More specifically, maps can be trivially parallelized; same for folds, but to a lesser degree, if the reducing operation is associative; and for-loops are hard.
In a way, the APL/J/K family takes this idea and explores it in fine detail. IMHO, for loops are "boring and readable" but only in isolation; when you look at the system as a whole lots of for loops make reasoning about the global behaviour of your code a lot harder for the simple reasone that for-loops are too "strong", giving them unweildy algebraic properties.
Very often processes are naturally modelled as a series of transformations. In those cases, writing manual loops is tedious, error-prone, harder to understand, less composable and potentially less efficient (depending on language and available tools) than using some combination of map, filter and reduce.
> Not sure why some programmers these days have aversion to simple loops and other boring - but readable - code.
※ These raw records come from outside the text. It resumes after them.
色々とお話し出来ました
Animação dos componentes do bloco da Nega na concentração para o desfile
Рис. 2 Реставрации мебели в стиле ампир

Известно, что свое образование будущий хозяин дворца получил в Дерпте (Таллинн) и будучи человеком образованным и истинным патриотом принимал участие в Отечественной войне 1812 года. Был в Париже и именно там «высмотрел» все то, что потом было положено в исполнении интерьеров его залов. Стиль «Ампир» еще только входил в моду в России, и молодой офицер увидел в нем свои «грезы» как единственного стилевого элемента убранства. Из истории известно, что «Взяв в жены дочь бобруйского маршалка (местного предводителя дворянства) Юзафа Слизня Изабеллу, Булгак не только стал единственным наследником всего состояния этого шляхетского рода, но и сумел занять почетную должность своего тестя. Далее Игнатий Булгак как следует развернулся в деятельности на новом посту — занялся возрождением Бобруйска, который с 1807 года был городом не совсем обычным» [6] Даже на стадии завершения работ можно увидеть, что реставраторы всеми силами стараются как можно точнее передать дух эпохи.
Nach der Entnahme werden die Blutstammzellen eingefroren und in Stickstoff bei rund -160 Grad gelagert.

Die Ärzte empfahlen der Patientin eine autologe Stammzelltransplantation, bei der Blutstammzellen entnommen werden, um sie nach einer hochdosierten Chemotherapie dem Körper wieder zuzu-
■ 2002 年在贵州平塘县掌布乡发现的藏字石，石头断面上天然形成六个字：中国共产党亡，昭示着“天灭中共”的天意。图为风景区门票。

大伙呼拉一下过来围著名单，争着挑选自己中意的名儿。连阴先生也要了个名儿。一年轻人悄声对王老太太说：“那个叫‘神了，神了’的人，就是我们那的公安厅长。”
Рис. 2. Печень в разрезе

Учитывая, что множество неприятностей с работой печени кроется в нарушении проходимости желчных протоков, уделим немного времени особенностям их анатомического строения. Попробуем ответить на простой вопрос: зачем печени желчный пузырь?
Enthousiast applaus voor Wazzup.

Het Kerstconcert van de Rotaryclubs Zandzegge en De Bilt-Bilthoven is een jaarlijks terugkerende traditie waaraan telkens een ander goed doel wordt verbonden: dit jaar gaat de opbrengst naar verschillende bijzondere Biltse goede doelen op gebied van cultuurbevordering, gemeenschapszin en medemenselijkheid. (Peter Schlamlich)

Like goto, basic loops are powerful, simple constructs that tell you nothing at all about what the code is doing. For…in loops in many languages are a little better, but map, reduce, or comprehensions are much more expressive as to what the code is doing, but mostly address common cases of for loops.
While loops are weakly expressive (about equal to for…in), but except where they are used as a way (in language without C-style for loops) but there is less often a convenient replacement.
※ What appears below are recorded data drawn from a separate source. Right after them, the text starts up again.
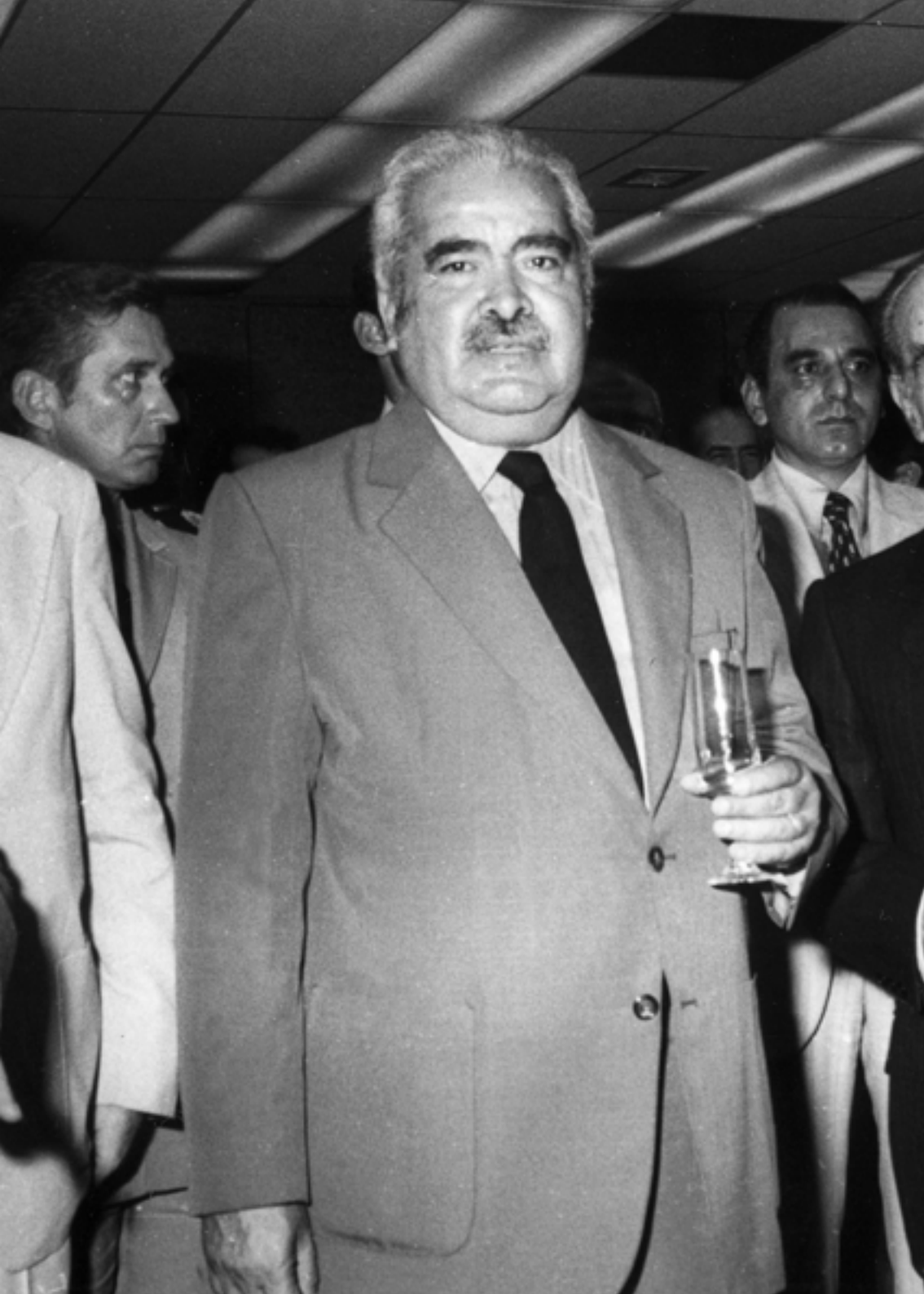
Luis Herrera Campíns. Como nuevo presidente de Copei, le puso una raya a Caldera: de aquí en adelante lo que viene es oposición.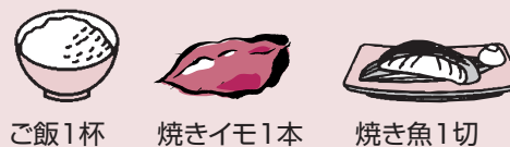
ご飯1杯 焼きイモ1本 焼き魚1切

生産しやすいイモ類を作るなど、最低限必要な食料は確保できるけど、食事の内容はすいぶん変わってしまうのよ。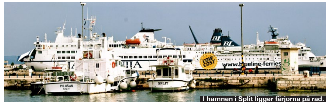
I hamnen i Split ligger färjorna på rad.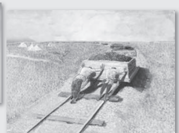
▲早田貫一《バム鉄道建設》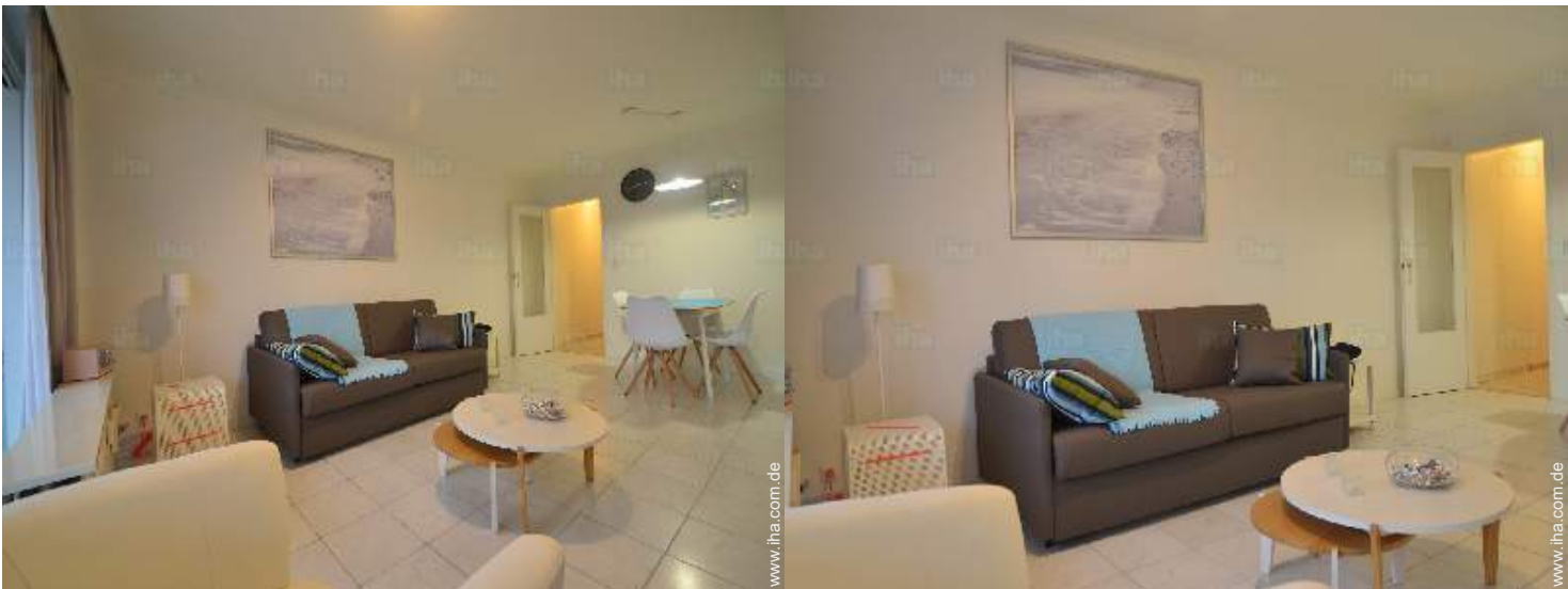
Raumaufteilung und Annehmlichkeiten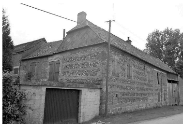
Vue générale depuis le nord-est.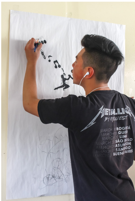
Figura 11. Estudiante pintando su lugar ideal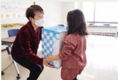
寄付を活用した支援事業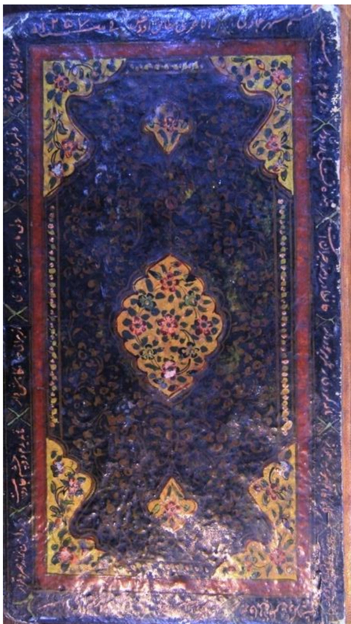
-تصویر ۱. خطی

I don't see any loops, but there are a number of branches. The code could probably be generalized using loops to support arbitrary precision, but I think any optimized implementation for a specific precision will have unrolled them.
Simplicity FTW. The simple loop version is very easy to understand. It's probably really fast, as it's just a loop over seven items. And more importantly it's more correct. It doesn't use floating point arithmetic, so you don't have to worry about precision issues.
The logarithmic approach is harder to reason about, prone to bugs (as proven by this post). I'm baffled at the fact that tons of people considered it a more elegant solution! It's completely the opposite!
The real question is why is it a bug to report 1 mB instead of 999.9 kB for human readable output? It seems like a nice excursion to FP related pitfalls, but i don't think this is a problem to get entangled in that.
As part of the Stack Overflow April Fools' prank, we did some data analysis on copy behavior on the site [0]. The most copied answer during the collection period (~1 month) was "How to iterate over rows in a DataFrame in Pandas" [1], receiving 11k copies!
To me it's an means to an end. I don't care if my solution takes 100ms instead of 1ms, it's the superior choice for me if it takes me 1 minute to do it instead of 10 minutes to learn something new.
I iterate over rows in pandas fairly often for plotting purposes. Anytime I want to draw something more complicated than a single point for each row, I find it's simple and straight-forward to just iterrows() and call the appropriate matplotlib functions for each. It does mean some plots that are conceptually pretty simple end up taking ~5 seconds to draw, but I don't mind. Is there really a better alternative that isn't super complicated? Keep in mind that I frequently change my mind about what I'm plotting, so simple code is really good (it's usually easier to modify) even if it's a little slower.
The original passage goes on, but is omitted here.